What needs to be done:
Please output exactly the lines from the one that holds "전 저에게 학교폭력을" through the final line of the data, and nothing else; leave out any pictures.

Collection entries:

_ _ _ _

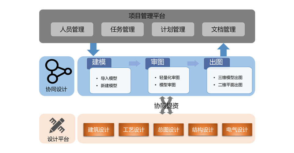 三維協(xié)同設計系統(tǒng)平臺是一個內嵌基于Revit三維設計軟件的工具和microstation設計建模工具插件,在建模過程中幫助設計人員有效開展設計協(xié)作和技術管理,提供集約化的項目管控中心,并實現快速參考、快速分享、快速出圖的提效目標,生成并收集三維模型中圖紙視圖的PDF文件,實現設計院三維翻模的二維出圖過程,幫助實現建設設計企業(yè)搭建三維數字化交付平臺的戰(zhàn)略目標。
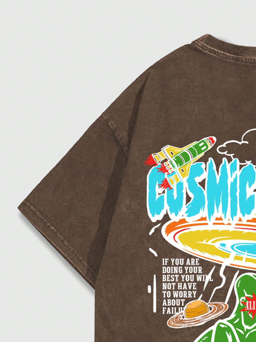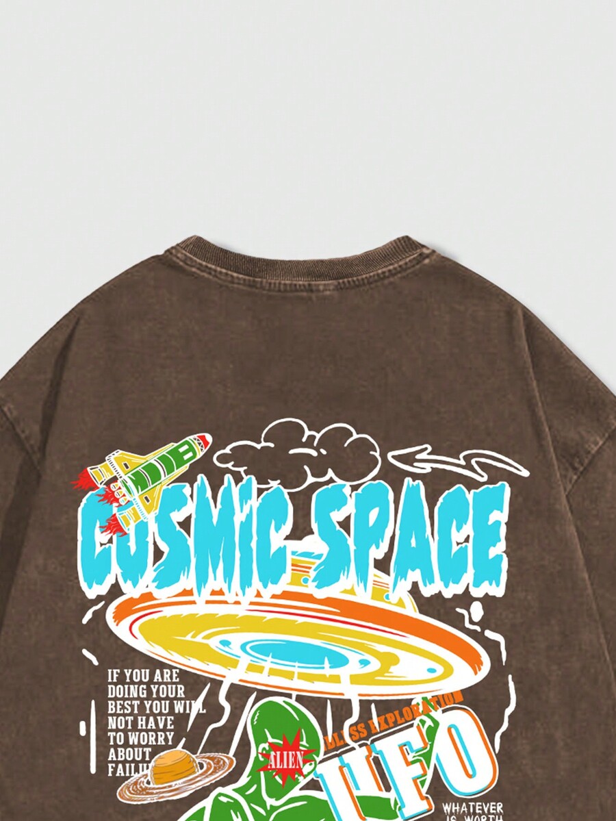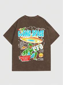 Street Life Men's Alien Slogan Print Short Sleeve T-Shirt, Suitable For Daily Wear In Spring And Summer
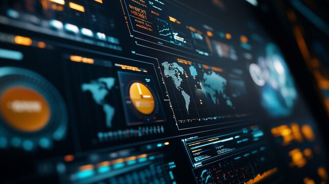 A close-up of a computer screen displaying a futuristic user interface with a variety of data visualizations and graphs.
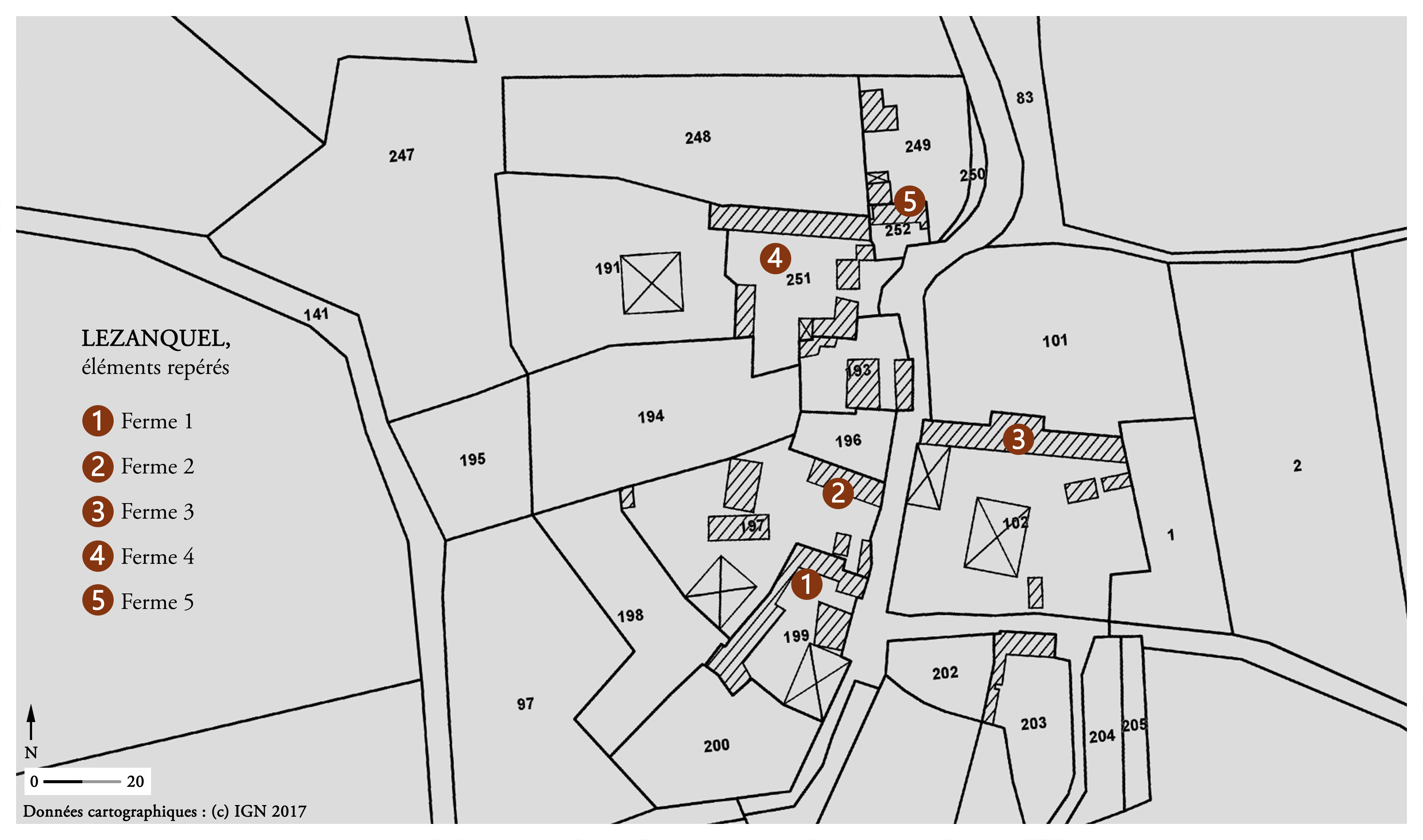 Village de Lezanquel, éléments repérés. Fond : cadastre 2017.Immatriculation
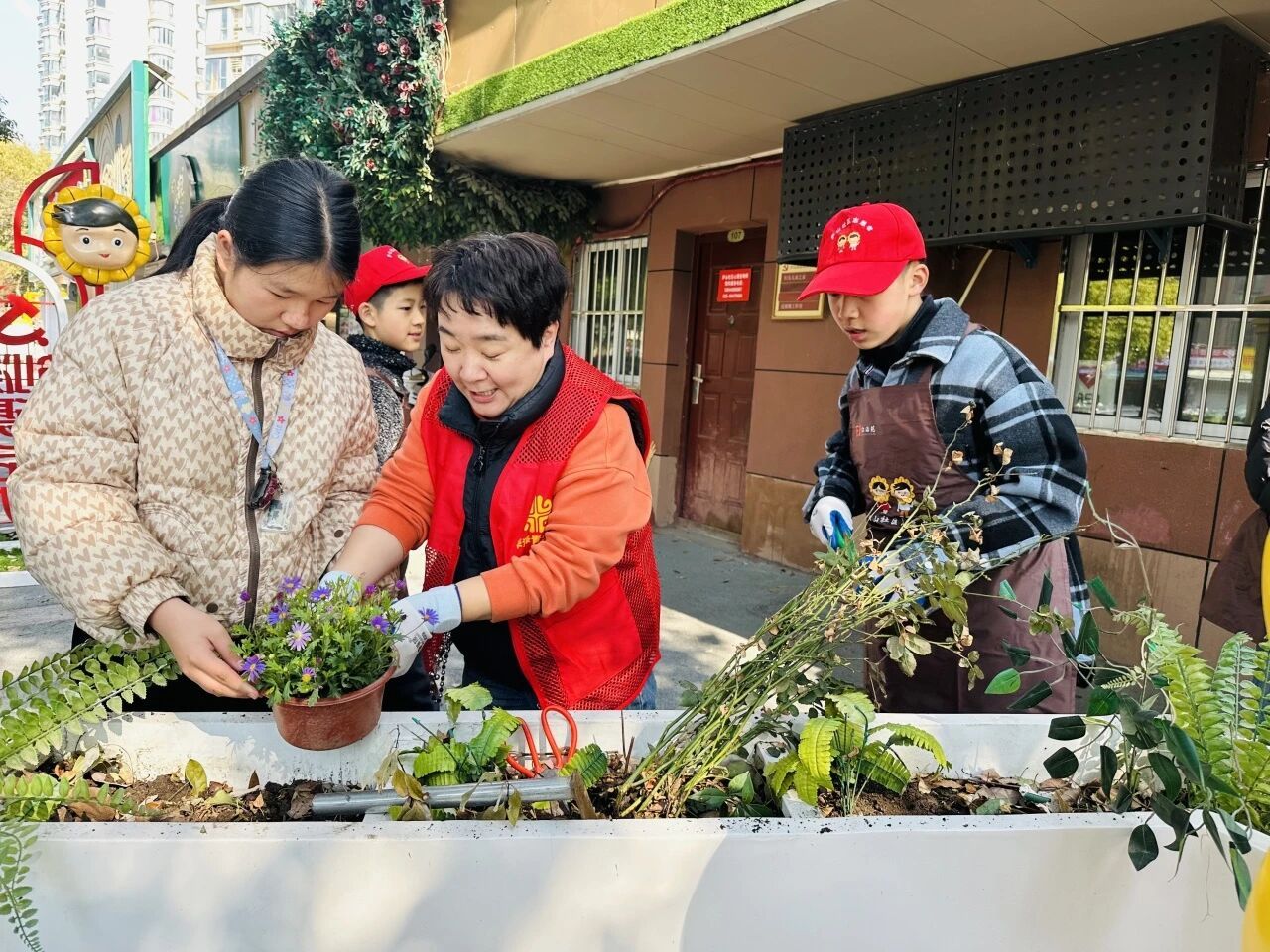 讲解结束后,“五老”志愿者与孩子们大手牵小手,分组来到“桂香园”和“37度街区”。平日里慈祥的爷爷奶奶们此刻化身为“种植导师”,手把手教孩子们挖坑、培土、浇水。孩子们则像欢快的小鸟,小心翼翼地捧着花苗,用稚嫩的小手为家园增添新绿。现场忙碌而有序,笑声与铲声交织,构成了一幅动人的春耕图。
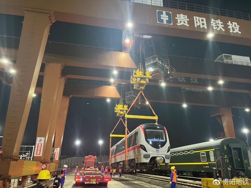 据了解,贵阳轨道交通3号线一期工程共配置44列电客车,电客车从南京浦镇出厂后,由上海宝冶集团组织完成部分车辆公铁联运,充分利用铁路资源完成长距离地铁车辆运输。
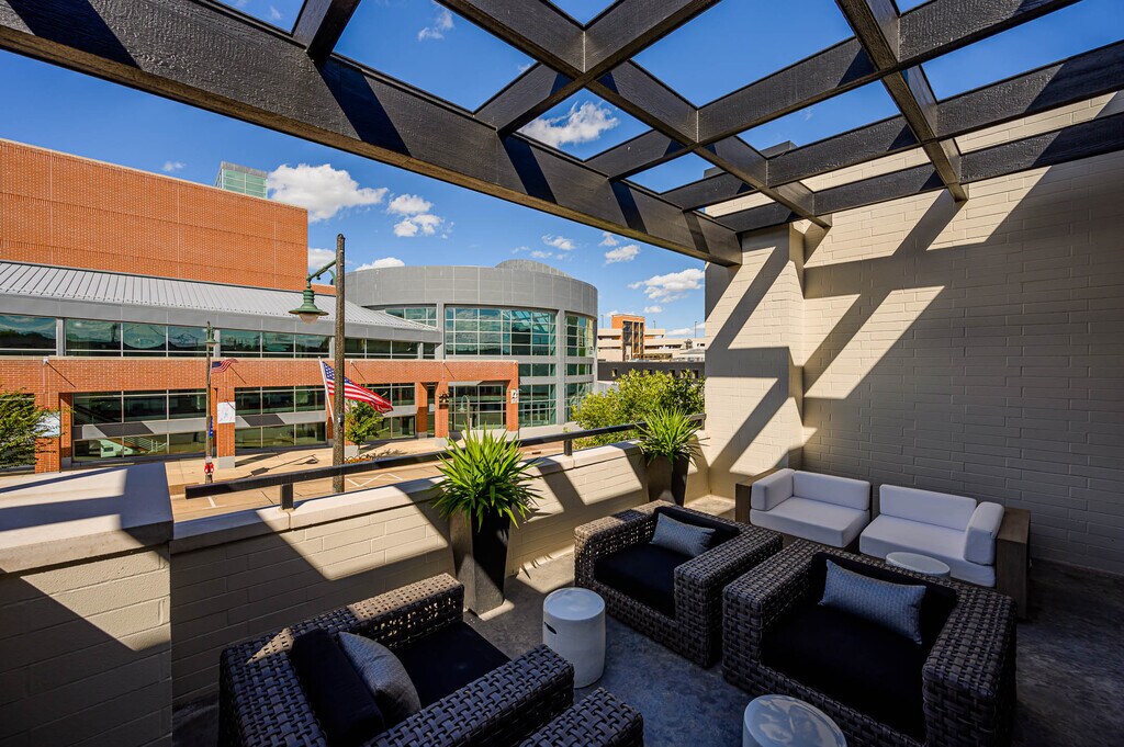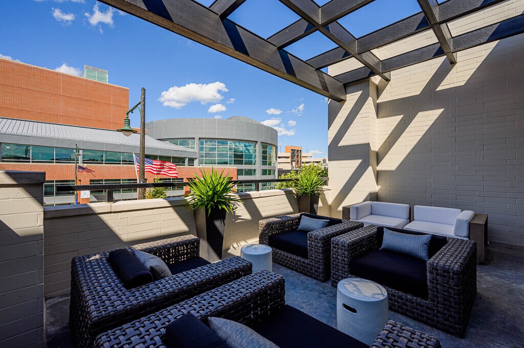 One of there exclusive units directly across from the Performing Arts Center. Large, open concept living area that opens to a fantastic pergola covered porch. This unit includes a 1 car private heated garage. 1 bedroom and 1 bathroom. Fully applianced with everything you need including laundry. Also includes a Sonos sytem. We require 3x the rent in gross monthly income and a credit score of 650+. All appicants over 18 to complete an application.
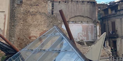 Cosenza, crolla il muro di un palazzo nel centro storico – FOTO
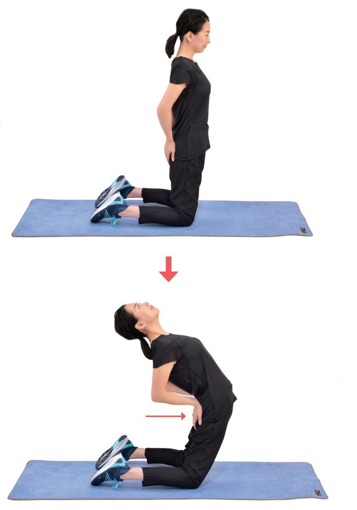 床に膝をついて肩幅程度に開きます。ウエストではなく、お尻を覆い隠すように両手をお尻に当てます。息を吐きながら、骨盤を前に押し出すイメージで、ゆっくり上体を後方に反らしていきます。アゴは引かずに、むしろ上げるイメージで。上体を反らしたまま、その姿勢を3秒ほどキープします。
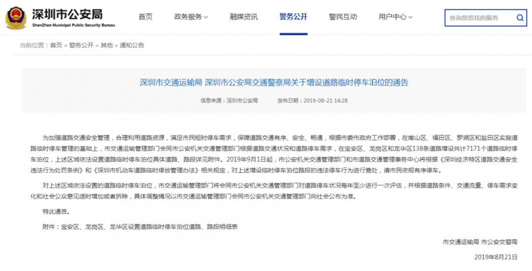 市交通运输局、市交警局近日发布通告深圳将在龙华、宝安和龙岗138条道路增设共计7171个道路临时停车泊位这些道路就可以临时停车了
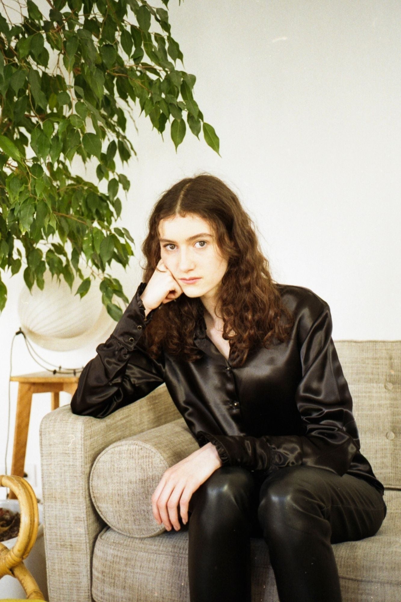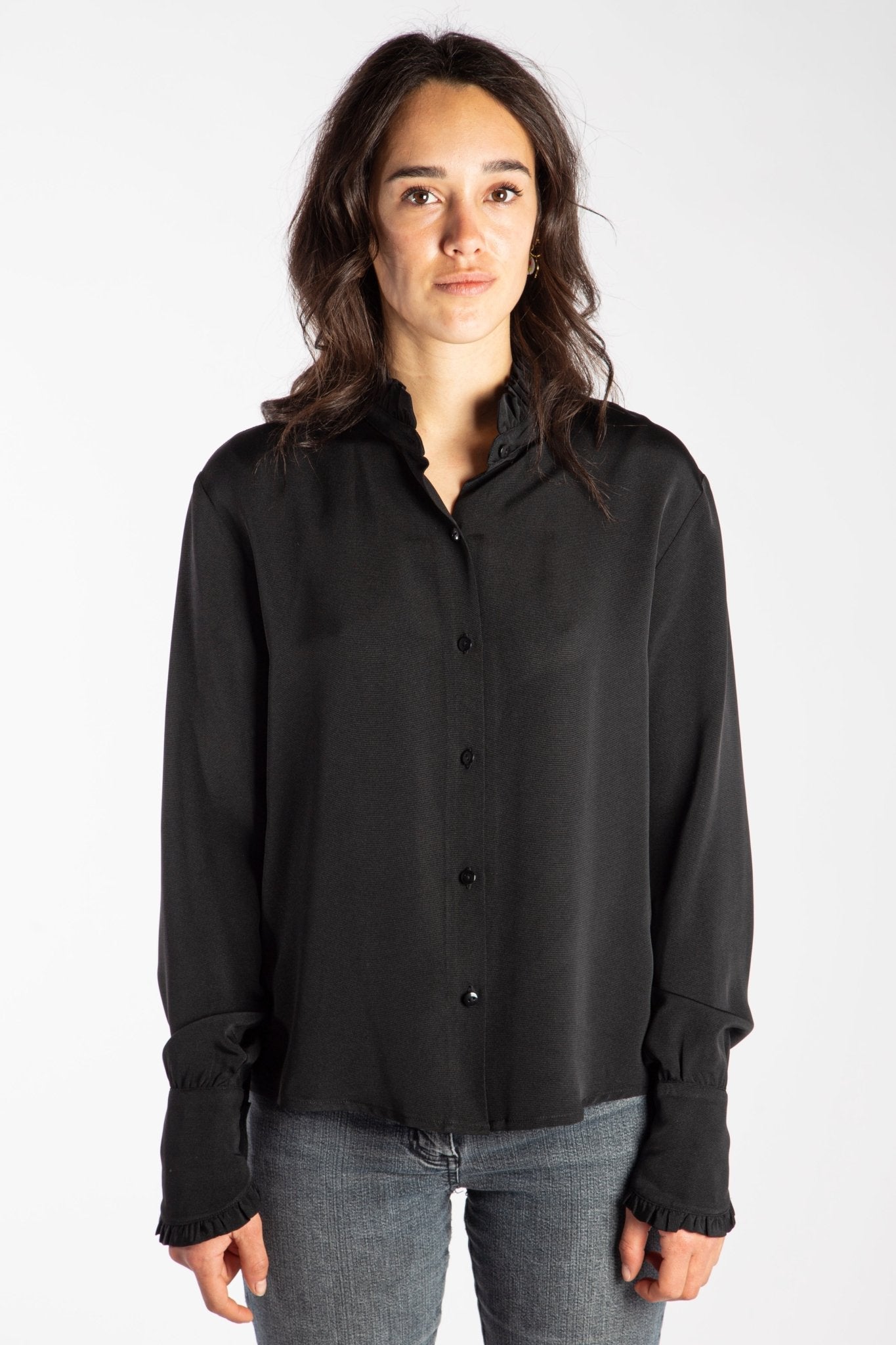 Coupe droite à col montant bordé d'un petit volant discret. Manches longues avec poignets arrondis bordés d'un volant, qui peuvent se porter dépliés sur la main ou repliés en poignes mousquetaires.
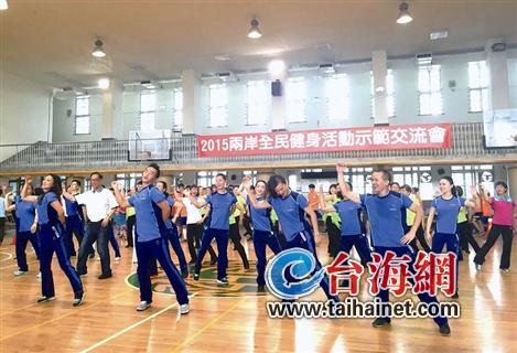 昨日,2015两岸全民健身活动示范交流会在台北弘道中学举行,两岸健身人才轮番上台表演拿手好戏。大陆代表们第一个展示的节目便是广场舞《活力绽放》,最后又以一曲激情四射的《小苹果》力邀“台湾大妈”上台共舞。被大陆坊间称为“广场舞男神”的《小苹果》编舞者王广成,站在队伍最中间领跳,全场气氛十分火爆。
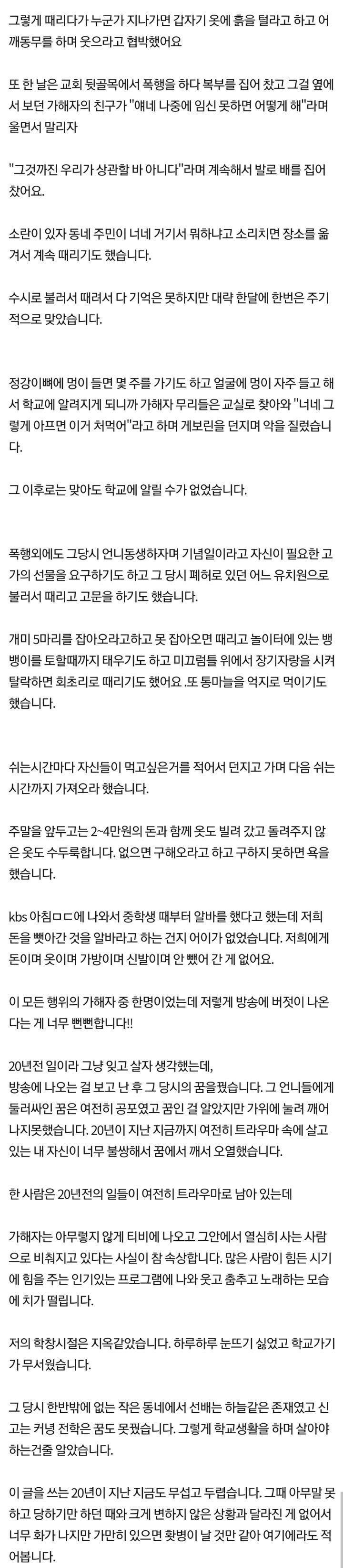 작성자는 "20년 전 저에게 학교폭력을 가했던 가해자 중 한 명이 아무렇지 않은 얼굴로 미스트롯2에 나온다"며 "잊고 지냈다고 생각했었는데, 얼굴을 보는 순간 그때의 기억이 스치고 모든 것이 그때로 돌아간 것 같다"고 말했습니다.
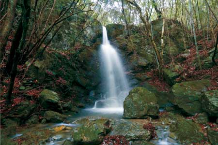 鏡石自然遊歩道コースを行くと、コッテの滝が見えてくる。滝の前に、なるほど牛に似た岩があり、見事な滝だ。

_ _ _ _

Completed exercise:
 작성자는 "20년 전 저에게 학교폭력을 가했던 가해자 중 한 명이 아무렇지 않은 얼굴로 미스트롯2에 나온다"며 "잊고 지냈다고 생각했었는데, 얼굴을 보는 순간 그때의 기억이 스치고 모든 것이 그때로 돌아간 것 같다"고 말했습니다.
 鏡石自然遊歩道コースを行くと、コッテの滝が見えてくる。滝の前に、なるほど牛に似た岩があり、見事な滝だ。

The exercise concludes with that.